**EXERCISE**
Give back exactly the lines of the data below, starting with the line that has "شدة اهتمامه عليه" and going on through the line that has "UK clean pig".

**SUPPLIED MATERIAL**
-- Opening Marker --

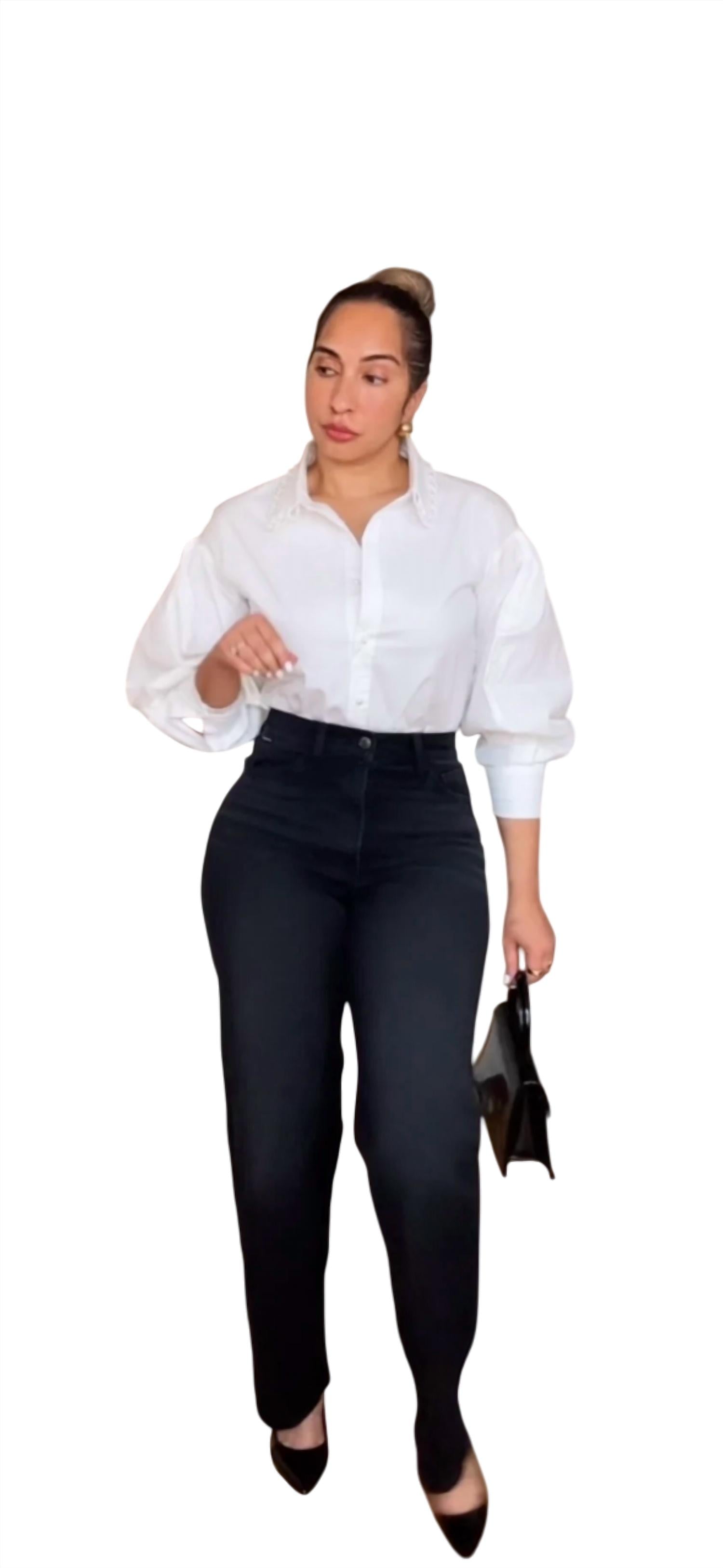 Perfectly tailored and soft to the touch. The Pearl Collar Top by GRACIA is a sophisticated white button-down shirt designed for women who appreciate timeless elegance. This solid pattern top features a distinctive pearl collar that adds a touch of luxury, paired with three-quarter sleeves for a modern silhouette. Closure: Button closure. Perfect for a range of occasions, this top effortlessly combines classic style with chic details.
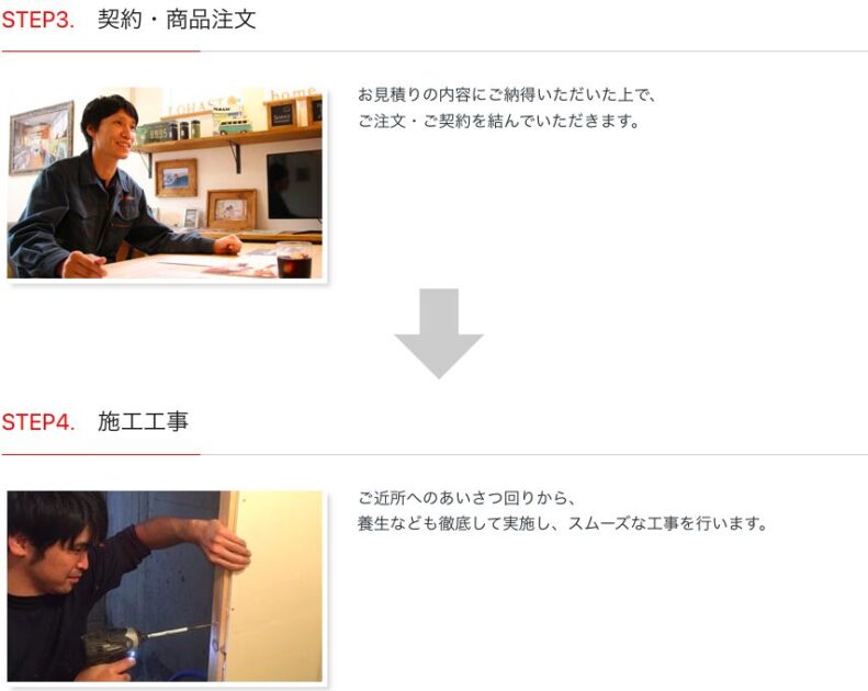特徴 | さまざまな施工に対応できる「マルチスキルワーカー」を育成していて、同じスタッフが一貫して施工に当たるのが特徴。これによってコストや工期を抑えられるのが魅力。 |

-- Closing Marker --
-- Opening Marker --

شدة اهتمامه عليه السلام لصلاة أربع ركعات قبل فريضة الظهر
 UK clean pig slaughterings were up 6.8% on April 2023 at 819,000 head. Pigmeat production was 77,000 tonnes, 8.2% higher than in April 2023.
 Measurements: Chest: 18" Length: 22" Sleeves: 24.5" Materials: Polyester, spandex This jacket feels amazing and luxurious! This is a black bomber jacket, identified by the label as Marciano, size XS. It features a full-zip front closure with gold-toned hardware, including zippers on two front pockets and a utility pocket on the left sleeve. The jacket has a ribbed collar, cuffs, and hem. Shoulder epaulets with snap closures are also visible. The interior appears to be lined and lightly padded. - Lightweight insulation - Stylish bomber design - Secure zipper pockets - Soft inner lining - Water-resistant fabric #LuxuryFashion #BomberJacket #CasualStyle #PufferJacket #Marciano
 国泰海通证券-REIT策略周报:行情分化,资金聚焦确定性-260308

-- Closing Marker --
-- Opening Marker --

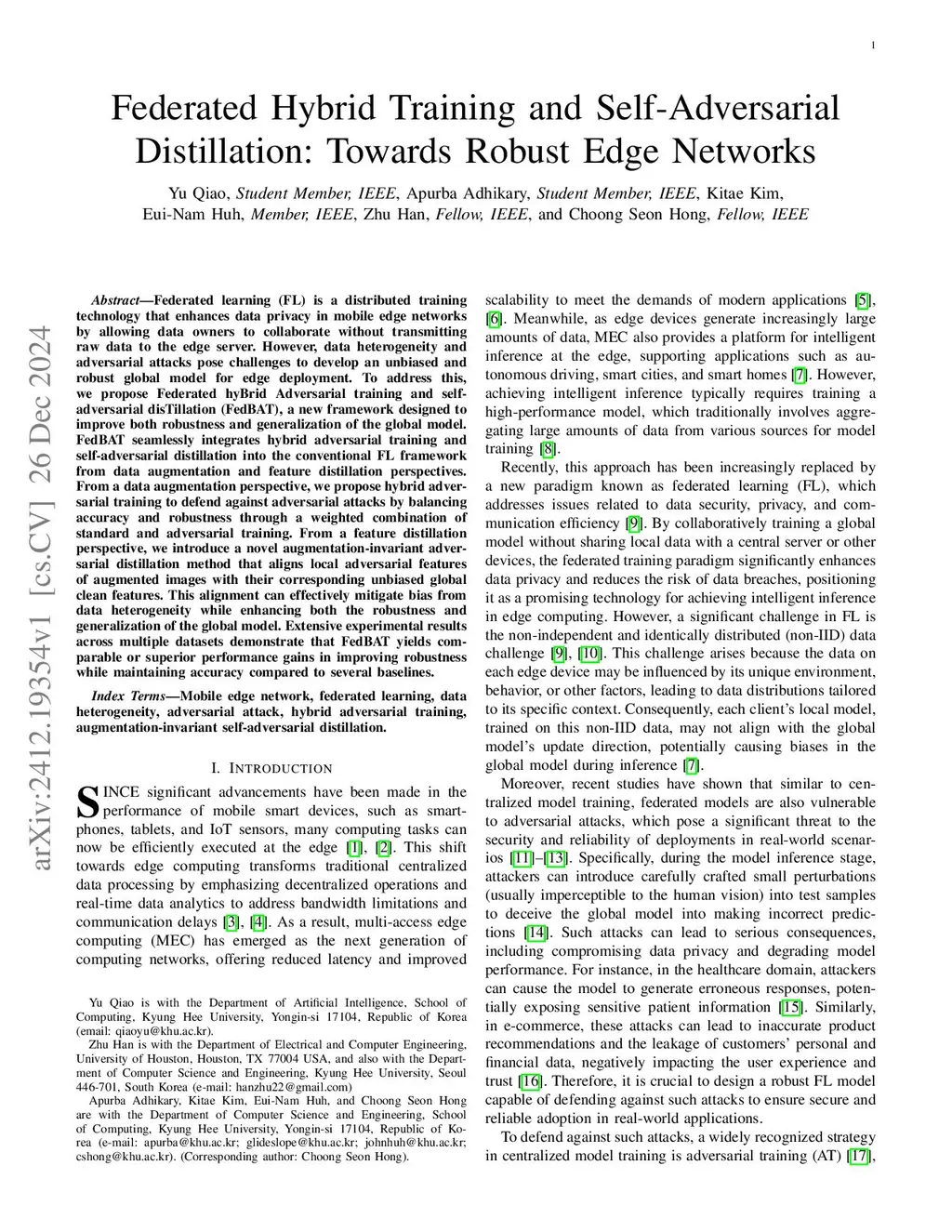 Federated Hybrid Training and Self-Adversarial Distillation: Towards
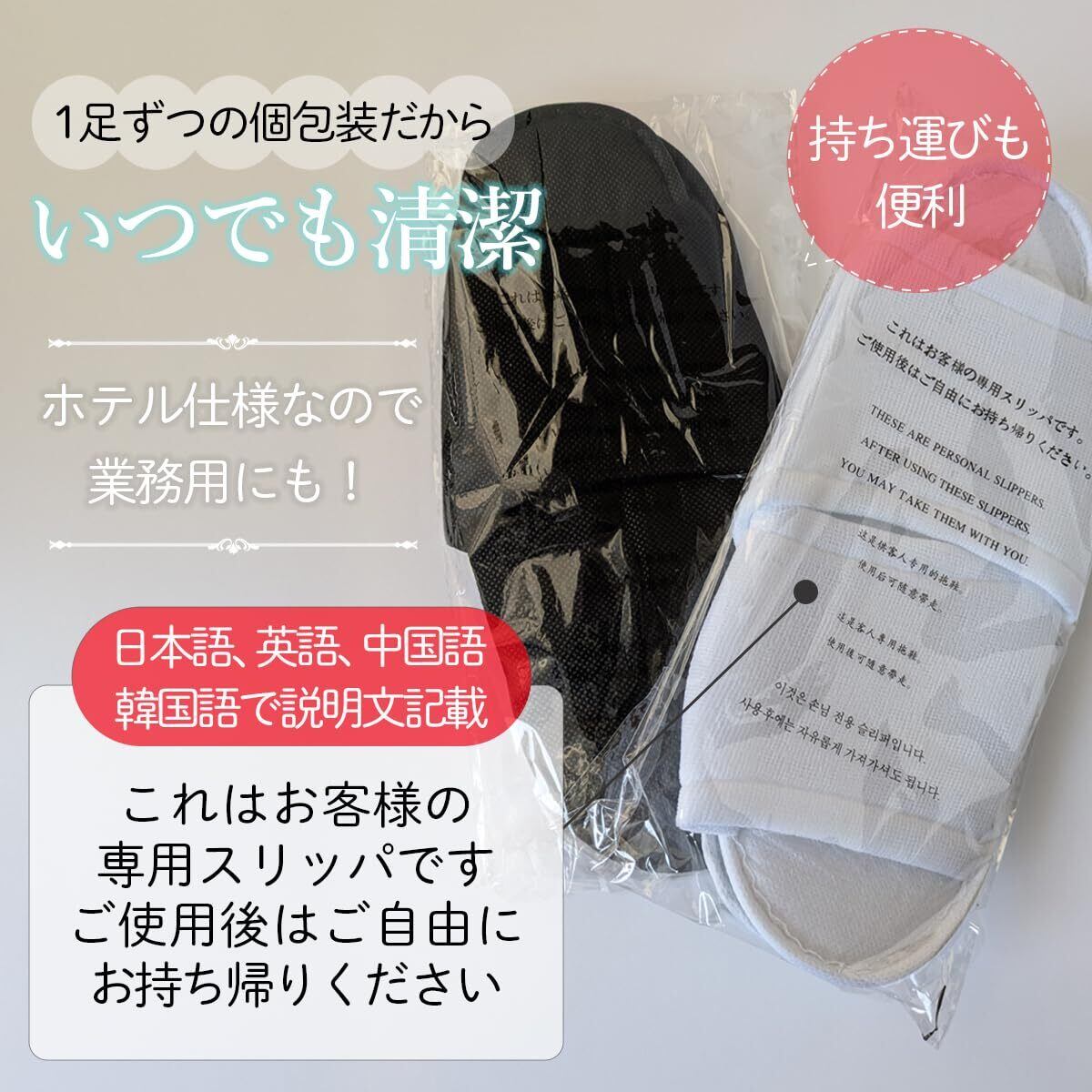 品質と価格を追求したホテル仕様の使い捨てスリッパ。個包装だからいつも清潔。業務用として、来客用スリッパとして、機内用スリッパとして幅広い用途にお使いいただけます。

-- Closing Marker --

**TASK SOLUTION**
شدة اهتمامه عليه السلام لصلاة أربع ركعات قبل فريضة الظهر
 UK clean pig slaughterings were up 6.8% on April 2023 at 819,000 head. Pigmeat production was 77,000 tonnes, 8.2% higher than in April 2023.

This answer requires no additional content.